**About this exercise**
Each line of the data below goes into the copy exactly; pictures do not.

**Dataset excerpt**
__________

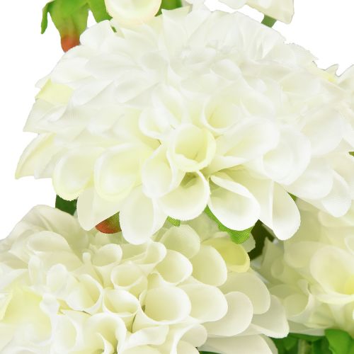 De kunstige georginene med løkformede, fyldige blomster kommer som en kunstig blomsterplukking. Den kunstige plantedekorasjonen deles øverst i to store og mellomstore hvite dahliablomster og er fylt med grønt, naturlig bladverk.
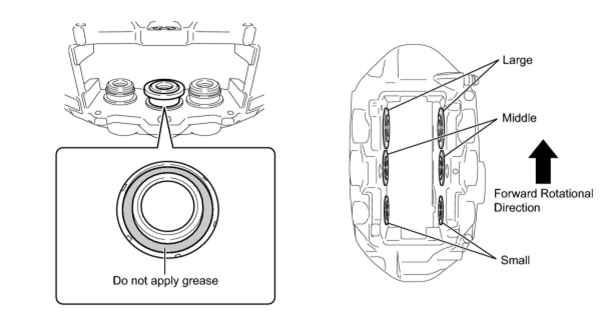 * Do not apply any grease to any part where the cylinder boot touches the rear disc brake cylinder assembly as shown in the illustration.
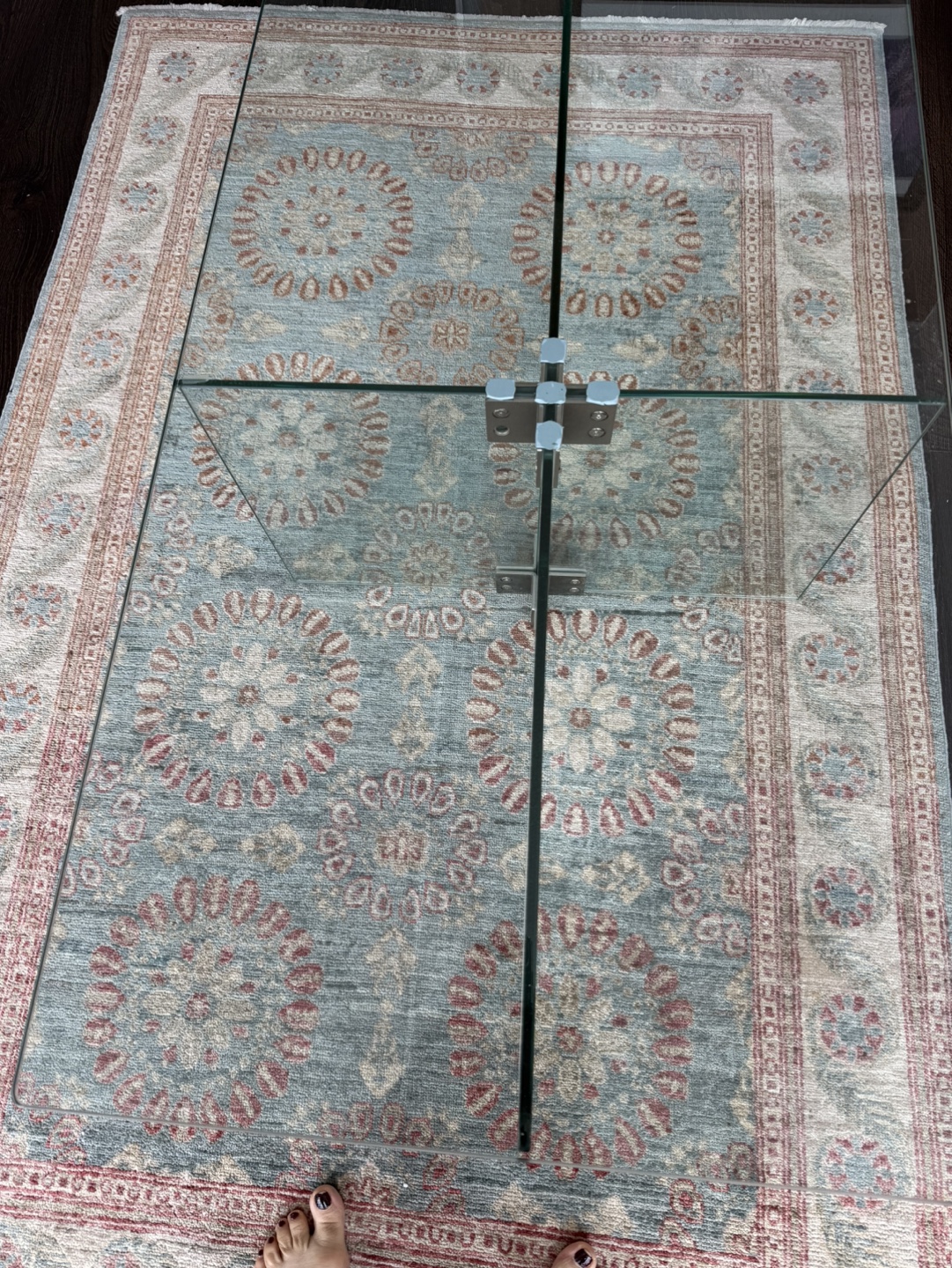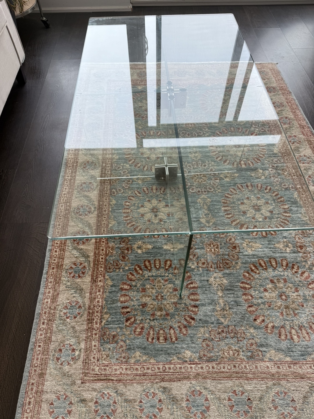 Stylish glass coffee table. Clear tempered glass top. Metal supports. Contemporary design. Great for modern living rooms.

__________

**Solved exercise**
 De kunstige georginene med løkformede, fyldige blomster kommer som en kunstig blomsterplukking. Den kunstige plantedekorasjonen deles øverst i to store og mellomstore hvite dahliablomster og er fylt med grønt, naturlig bladverk.
 * Do not apply any grease to any part where the cylinder boot touches the rear disc brake cylinder assembly as shown in the illustration.
 Stylish glass coffee table. Clear tempered glass top. Metal supports. Contemporary design. Great for modern living rooms.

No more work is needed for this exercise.